| Task goal |
Leave out all pictures. Return exactly the lines from the top of the material through the line containing "ポージングは、両手でバニーイ".

| Task data |
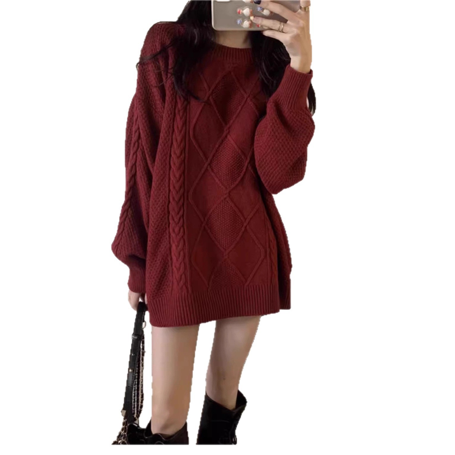 批发慵懒新年毛衣女秋季中长款遮屁股大朗针织跨年红色本命年上衣
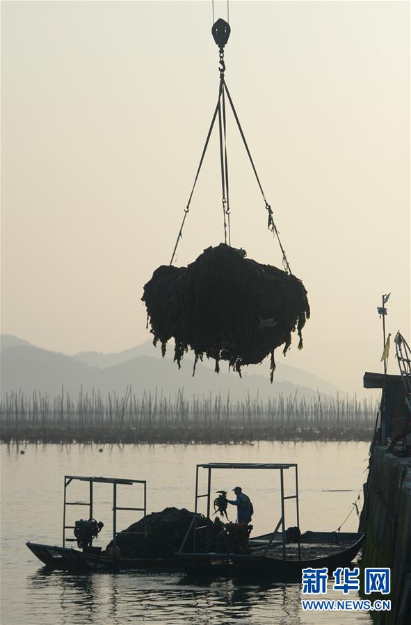 近日,福建省霞浦县长春镇迎来海带收获季。长春镇目前海带养殖面积2万余亩,海带养殖是当地渔民增收致富的重要产业。 新华社记者 贺灿铃 摄
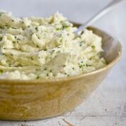 - Working in batches, if necessary, transfer the potatoes to a ricer and press them through into a serving bowl. (If you don’t have a ricer, use a potato masher and fluff them very thoroughly with a fork when completely mashed.) Pour the pepper-speckled cream over the potatoes and sprinkle with the chives. Fold together with a spatula just until the liquid is incorporated. Don’t overmix it.
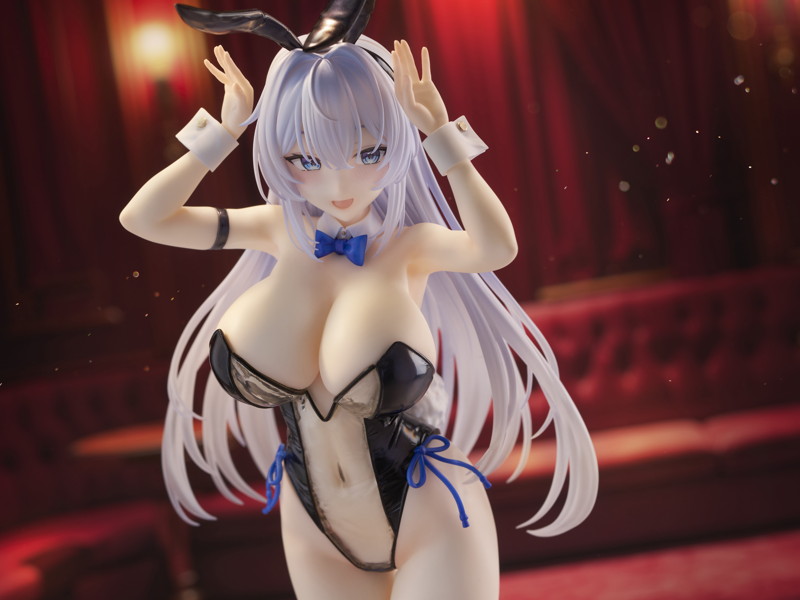 ポージングは、両手でバニーイヤーを持ち上げる愛らしい仕草を採用。柔らかな表情と相まって、可憐さと大胆さを兼ね備えた印象的な仕上がりとなっています。網タイツやハイヒール、リボンなどの小物も丁寧に作り込まれ、細部まで抜かりのない完成度を実現しました。
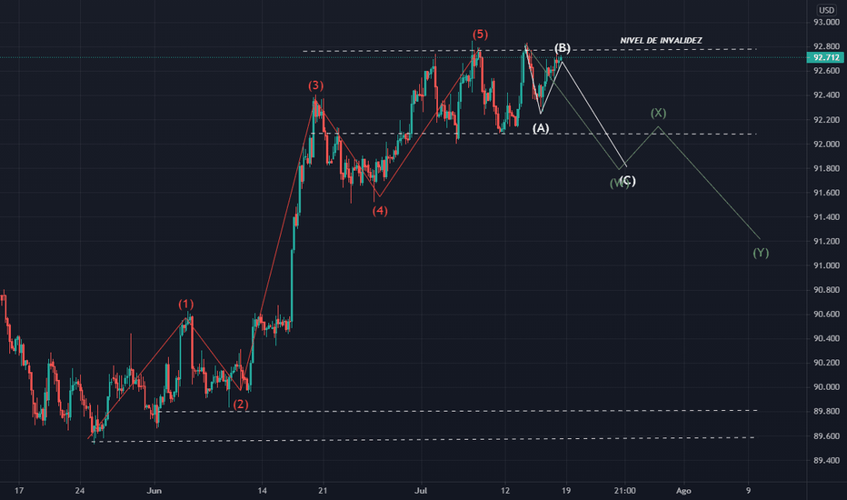 DXY - COMPRESION SEMANAL 16/7/2021Podemos notar que nuevamente esta en zona de resistencia, esta vez con un MACD dando clara compra, un RSI por sobre los 50pts, y dejando una vela por sobre la MM de 60 periodos. Todo esto nos daría a entender que esta próximo a volar hablando burdamente. En caso de así creemos que se necesitara una vela con buen volumen, y un pullback por sobre los valores en que estamos hoy en día.
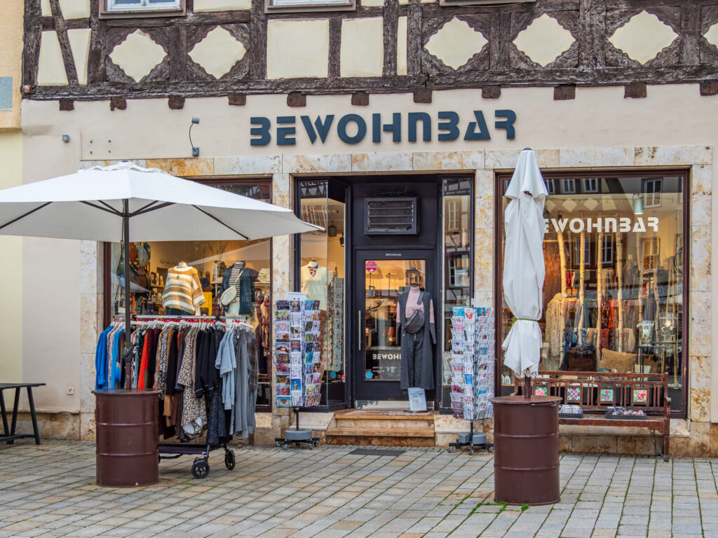 Herzenstipp Am Marktplatz im sogenannten Haus Enßlin hat Bettina Hofele schon seit über 15 Jahren ihren kleinen aber feinen Concept Store „Bewohnbar“. Ihr sorgsam ausgesuchtes Sortiment umfasst zeitlose, feminine Mode aus Dänemark und den Niederlanden, Wohnaccessoires, Geschirr, Geschenkideen, Naturkosmetik meiner Lieblingsmarke L`Occitane, Taschen, Spezialitäten und was Frau sonst noch braucht um sich wohl zu fühlen. Schau unbedingt einmal rein, denn hier bekommst du noch echte Beratung!
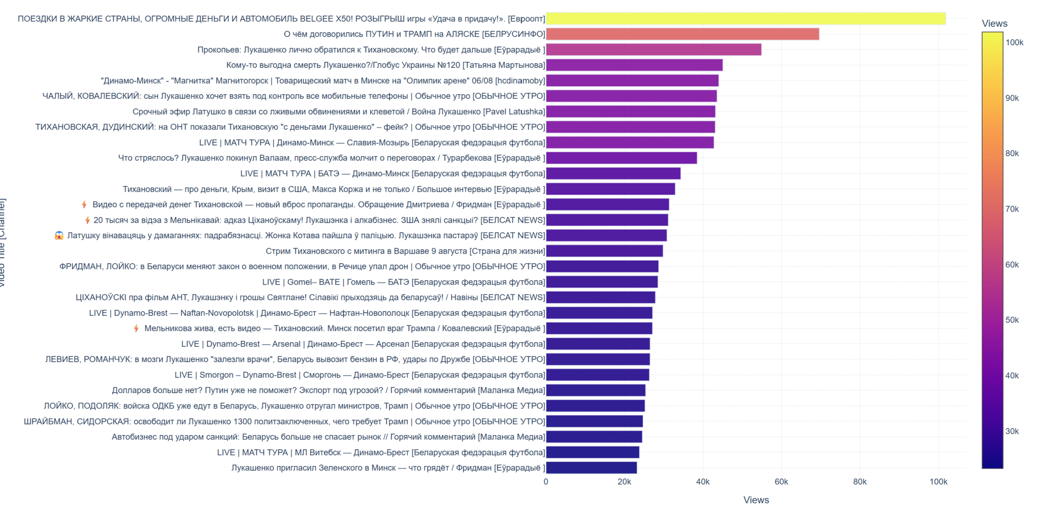 Беларуские YouTube-каналы, которые собрали больше всего просмотров своих стримов, проведеннных в августе 2025:
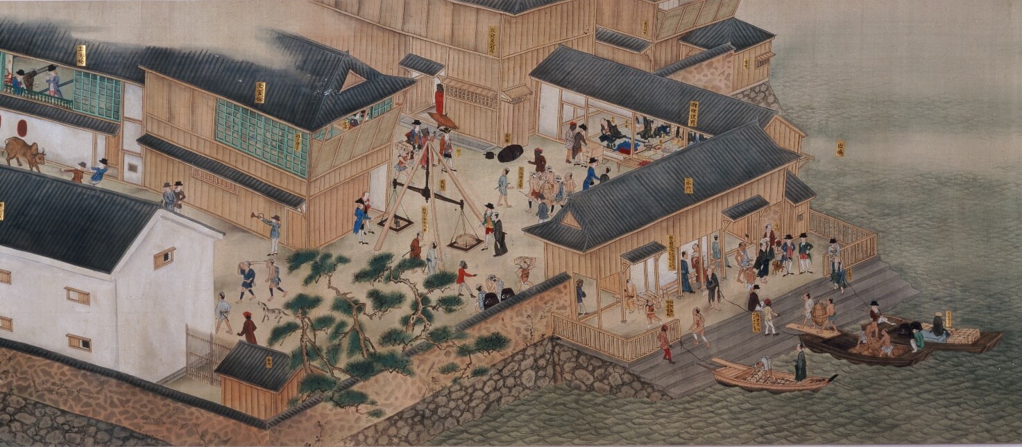 Diversity seen in the trading scene at Dejima depicted in the "Tang Dynasty and Dutch Dynasty Picture Scroll" (by Ishizaki Yushi, housed at the Nagasaki Museum of History and Culture)
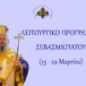 - Το απόγευμα της Λάμπροδευτέρας στις 7,30, θα τελεστεί ο μεθεορτος Εσπερινός, η Παράκληση του Αγίου Γεωργίου και θα λάβει χώρα η Λιτάνευση της Ιεράς Εικόνας και του Λειψάνου του Αγίου Γεωργίου, με την συνοδεία της Φιλαρμονικής του Δημοτικού Ωδείου Λάρισας.

| Finished exercise |
 批发慵懒新年毛衣女秋季中长款遮屁股大朗针织跨年红色本命年上衣
 近日,福建省霞浦县长春镇迎来海带收获季。长春镇目前海带养殖面积2万余亩,海带养殖是当地渔民增收致富的重要产业。 新华社记者 贺灿铃 摄
 - Working in batches, if necessary, transfer the potatoes to a ricer and press them through into a serving bowl. (If you don’t have a ricer, use a potato masher and fluff them very thoroughly with a fork when completely mashed.) Pour the pepper-speckled cream over the potatoes and sprinkle with the chives. Fold together with a spatula just until the liquid is incorporated. Don’t overmix it.
 ポージングは、両手でバニーイヤーを持ち上げる愛らしい仕草を採用。柔らかな表情と相まって、可憐さと大胆さを兼ね備えた印象的な仕上がりとなっています。網タイツやハイヒール、リボンなどの小物も丁寧に作り込まれ、細部まで抜かりのない完成度を実現しました。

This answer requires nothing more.